Twitter via P2P
This is a bit of speculative brainstorming. A lot of this must have been thought of before, and when I have time I will research to see what papers have been written about it.
One premise is that Twitter's social network is currently being used in a different way than just a community of contacts. It is also a network through which messages spread virally, repeated and relayed from person to person. Casual users of Twitter may not have seen much of the informal so-called "RT" code yet. It is an abbreviation for "Re-Tweet", and is used interchangeably to signify that a certain message should be resubmitted by anyone who reads it, or that it already is a resubmission originally by someone else. This technique is used particularly in the #iran/#neda "tweetsphere", where news updates are globally significant rather than being personal communication between individuals.
A sample of what such updates may look like is here, picked up some minutes ago.
This acts as a mass-moderated, theoretically decentralized network spreading short messages between peers without requiring every broadcast to be sent to every person, allowing indirect messages to spread further the more significantly they are considered by the people who read them.
I say "theoretically" because in practice, all this still happens over the Twitter database. Twitter's social network is a virtual construct within the central entity of Twitter. "Retweeting" does not actually do anything like "passing on a message"; it merely produces a copy of the same message on the same server, readable by other subscribers. To block this communication, all a censor has to do is filter access to twitter.com (which is in fact happening in Iran, last I heard).
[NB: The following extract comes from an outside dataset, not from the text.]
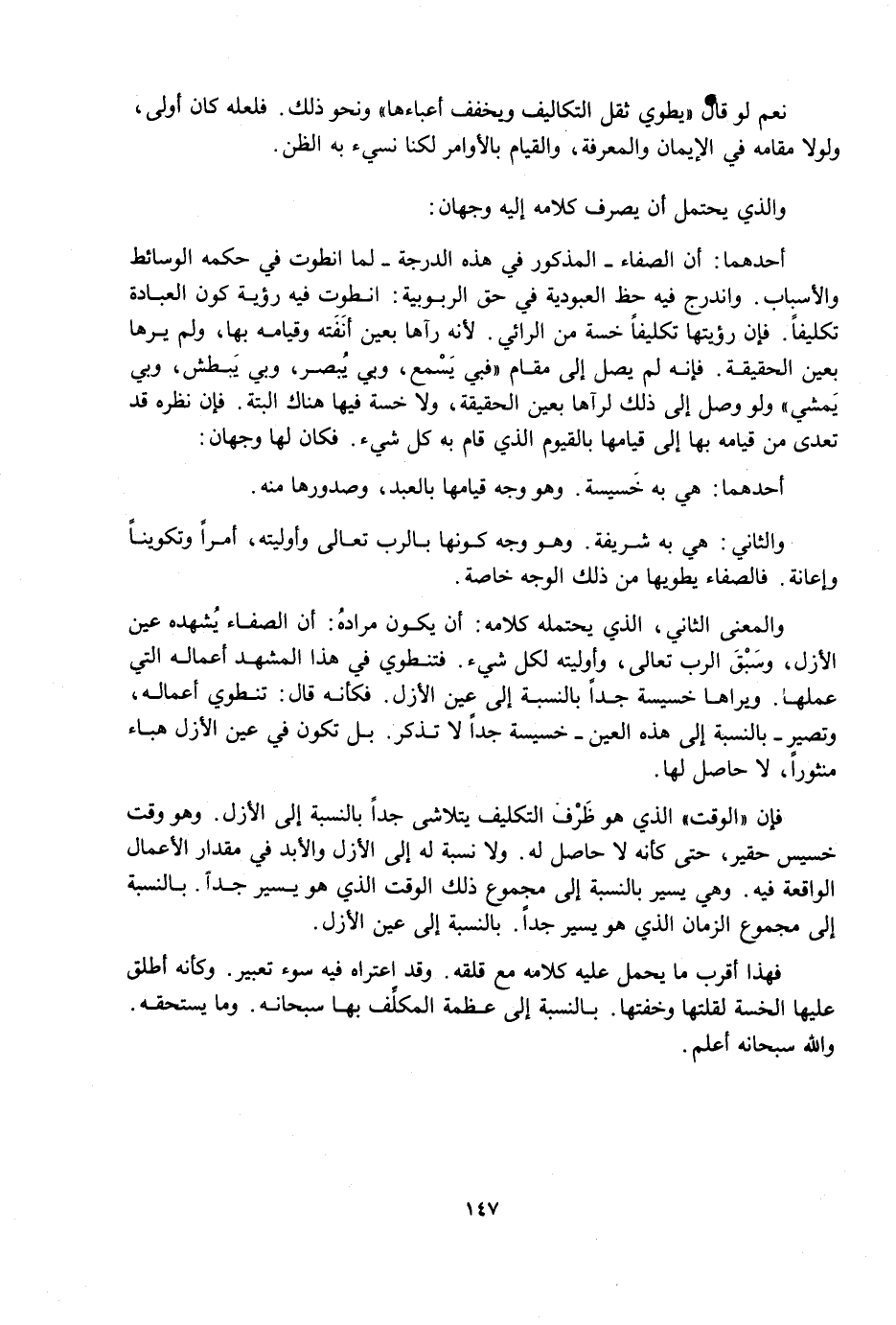 أَحَدُهُمَا: أَنَّ الصَّفَاءَ - الْمَذْكُورَ فِي هَذِهِ الدَّرَجَةِ - لَمَّا انْطَوَتْ فِي حُكْمِهِ الْوَسَائِطُ وَالْأَسْبَابُ. وَانْدَرَجَ فِيهِ حَظُّ الْعُبُودِيَّةِ فِي حَقِّ الرُّبُوبِيَّةِ: انْطَوَتْ فِيهِ رُؤْيَةُ كَوْنِ الْعِبَادَةِ تَكْلِيفًا. فَإِنَّ رُؤْيَتَهَا تَكْلِيفًا خِسَّةٌ مِنَ الرَّائِي. لِأَنَّهُ رَآهَا بِعَيْنِ أَنَفَتِهِ وَقِيَامِهِ بِهَا. وَلَمْ يَرَهَا بِعَيْنِ الْحَقِيقَةِ. فَإِنَّهُ لَمْ يَصِلْ إِلَى مَقَامِ " فَبِي يَسْمَعُ، وَبِي يُبْصِرُ، وَبِي يَبْطِشُ، وَبِي يَمْشِي " وَلَوْ وَصَلَ إِلَى ذَلِكَ لَرَآهَا بِعَيْنِ الْحَقِيقَةِ، وَلَا خِسَّةَ فِيهَا هُنَاكَ أَلْبَتَّةَ. فَإِنَّ نَظَرَهُ قَدْ تَعَدَّى مِنْ قِيَامِهِ بِهَا إِلَى قِيَامِهَا بِالْقَيُّومِ الَّذِي قَامَ بِهِ كُلُّ شَيْءٍ. فَكَانَ لَهَا وَجْهَانِ.

Yesterday around three in the morning, I spent some time feverishly wondering whether Twitter's virtual "relay network" on a single database could be turned into an actual decentralized relay network between a multitude of computers, highly resistant to filtering.
The threats that this network must be safe from are these:
- Port blocking
- The software must either communicate via randomized ports or via a port that cannot be blocked unilaterally (80).
- Active Infiltration
- The network must be resistant to malicious flooding/spamming. This would work via a web of trust where peers are gradually gaining more trust the more of their messages are passed on.
- Attacking the center
- Whatever mechanism the network uses to introduce peers to each other, no central database is safe from attack.
- Passive Infiltration
- The network must not allow peers to harvest peer identities, because privacy is a matter of life or death in Iran right now.
Protections against the first two threats are solidly established, and implemented in many Peer-to-Peer technologies in the wild, such as BitTorrent (which already has reputation networks for prioritizing those peers known to be the best contributors).
The second threat is somewhat tricky, as Blue Frog and more recently The Pirate Bay have shown. Blue Security, for those who missed it, used a peer-based approach to spam fighting three years ago. In May/June 2006, Blue Security was hit by vast DDoS attacks and eventually shut down: The central server, the vulnerable Achilles heel in the system, had been disabled. The Pirate Bay is presently embroiled in a lawsuit for "enabling" copyright infringement, and in spite of the existence of "trackerless Torrents" via a Distributed Hash Table, it is clear that without a central tracker like TPB, discovering an initial peer i less simple.
The last is even more intricate, as it makes discovery of peers barely possible. When you join a BitTorrent cloud, you subscribe to a tracker database that contains your IP and those of the other peers. An interested entity (such as the RIAA and its slightly more evil cousin, the Iranian secret police) can easily subscribe to the same tracker, discover those peers that happen to be within its sphere of influence and then act accordingly (sue for millions, beat to death with axes, et cetera). Those who use BitTorrent for copyright violations don't bother with more privacy, as legal proceedings in the US impose (some) rules on what constitutes evidence or ethical investigation. Basij on motorcycles with axes knocking on your door at night don't have such inhibitions, so people need hard crypto.
The basic dilemma is: how can a decentralized network grow dynamically, while no single computer is allowed access to all peers, and no central database is safe from attack? It seems like a chicken-and-egg problem. Some steganography ideas come to mind (hiding peer addresses in remote corners of the web or in spam mail), or some indirect routing ideas (eg. all connections inside a censoring country must first go outside that country across jurisdictional boundaries), but that's very theoretical. I don't know enough about network technology.
Brainstorm out.
- 1512 reads

good idea
have you looked at http://www.torproject.org/overview.html.en ?
it addresses all of the concerns mentioned above.